Baba Amr (بابا عمرو/ALA-LC: Bâba ʿAmr) is a city district (hayy) in southwestern Homs in central Syria. In 2004, it had a population of 34,175 (the hayy of Sultaniya which abuts Baba Amr to the south was also counted in this figure). Abutting Baba Amr and Sultaniya from the north and south respectively are the city districts of Inshaat and the village of Jobar. To the west are the villages of Aysun, Shalluh and al-Mazra'a and to the east is Homs' Palestinian refugee camp.

==History==
Baba Amr was named after Amr ibn Abasah, who was buried in Homs.
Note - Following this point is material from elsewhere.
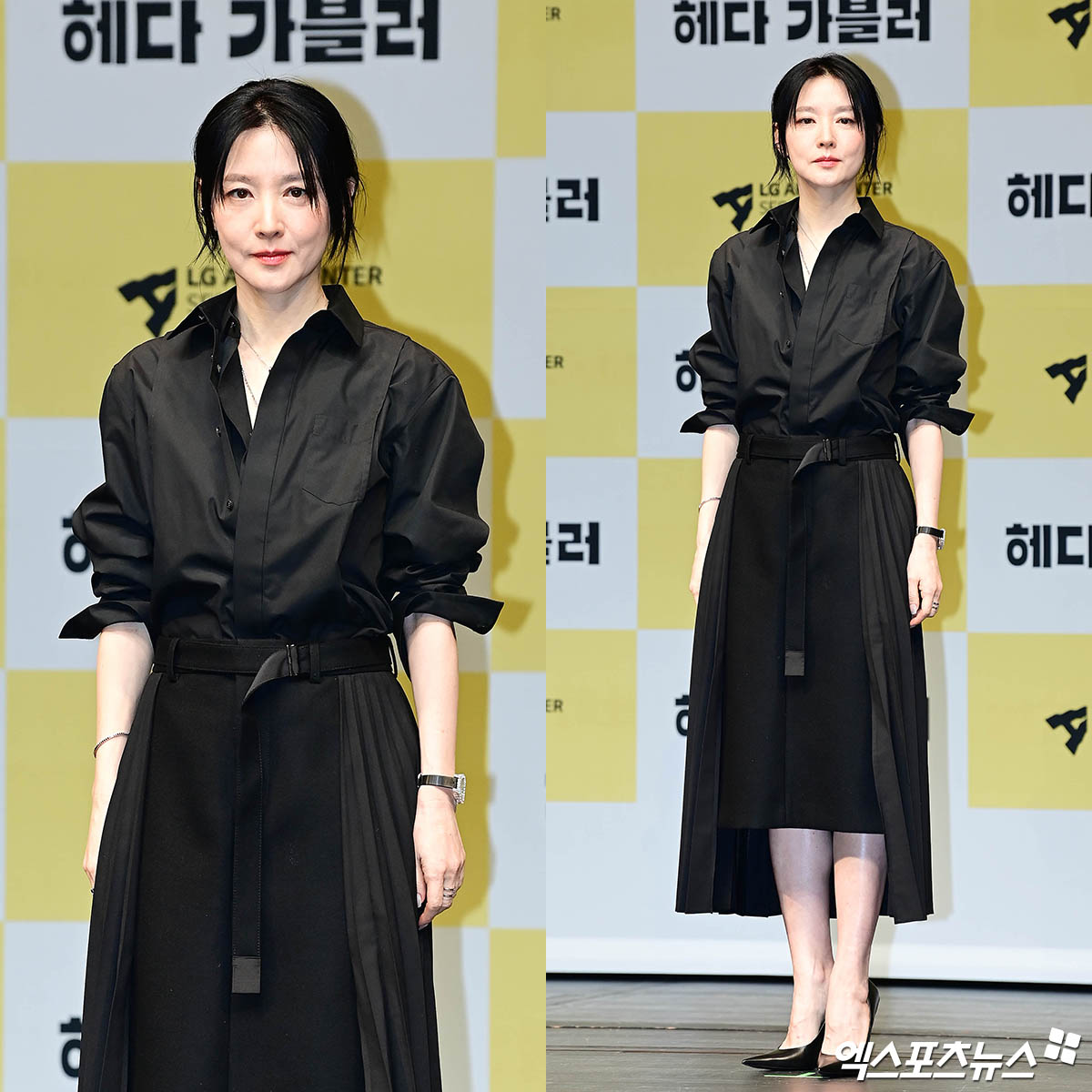 8일 서울 LG아트센터 서울에서 진행된 연극 '헤다 가블러' 제작발표회에 참석한 이영애는 블랙 셔츠와 롱 플리츠 스커트를 매치한 클래식한 스타일로 등장했다.
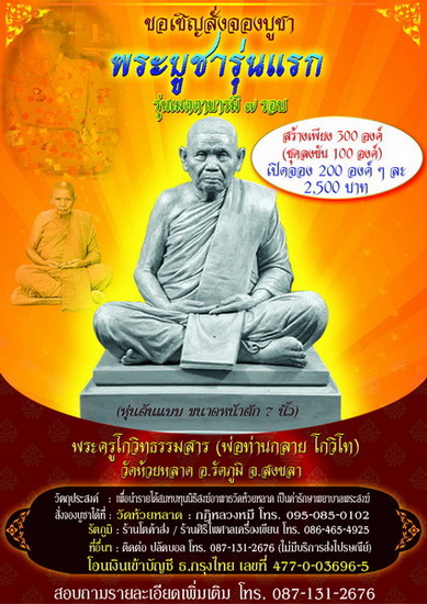 [ รายละเอียด ] ขอเชิญบูชาสั่งจองวัตถุมงคลพระครูโกวิทธรรมสาร หรือพ่อท่านกลาย โกวิโท วัดห้วยหลาด อ.รัตภูมิ จ.สงขลา ในโอกาสเจริญอายุวัฒนมงคล 84 ปี พ.ศ. 2560 รุ่น “เมตตาบารมี 7 รอบ” เพื่อนำรายได้ทั้งหมดสมทบทุนนิธิสงฆ์อาพาธวัดห้วยหลาด ใช้เป็นค่ารักษาพยาบาลพระสงฆ์ ประกอบด้วย 1. ชุดลงขัน จัดสร้างตามจอง ไม่เกิน 100 ชุด ๆ ละ 12,000 บาท รับพระบูชารุ่นแรก 7 นิ้ว พระชัยวัฒน์รุ่นแรกหล่อนำฤกษ์เนื้อเงิน รูปหล่อรุ่นแรกก้นหุ้มทองคำ เงิน นวะโลหะ อย่างละ 1 องค์ และรูปหล่อรุ่นแรกก้นเรียบ 10 องค์ รวมรับ 15 องค์ 2. พระบูชา รุ่นแรก 7 นิ้ว สร้าง 200 องค์ ๆ ละ 2,500 บาท 3. รูปหล่อรุ่นแรกก้นหุ้มเงิน สร้าง 100 องค์ ๆ ละ 1,200 บาท 4. รูปหล่อรุ่นแรกก้นหุ้มนวะโลหะ สร้าง 300 องค์ ๆ ละ 500 บาท 5. รูปหล่อรุ่นแรกก้นเรียบ สร้าง 2,000 องค์ ๆ ละ 200 บาท มีโค้ดและหมายเลขทุกองค์ โทร. 087-131-2676

In the early 20th century, Baba Amr was a village in Orontes plain southwest of Homs. The modern district was formed largely as a result of Bedouin migration from the desert steppe east of Homs to the city's suburbs in the 1960s and 1970s. The Bedouin moved to the area due to land reforms by the Ba'athist government of leaders Salah Jadid and Hafez al-Assad which saw many semi-nomadic Bedouin settle in the suburbs of major cities. Most of Baba Amr's inhabitants self-identify as members of the Mawali and Hassana tribal confederations. The inhabitants are predominantly Sunni Muslims.

During the Syrian Civil War, Baba Amr was the epicentre of fighting in the 2012 Homs offensive.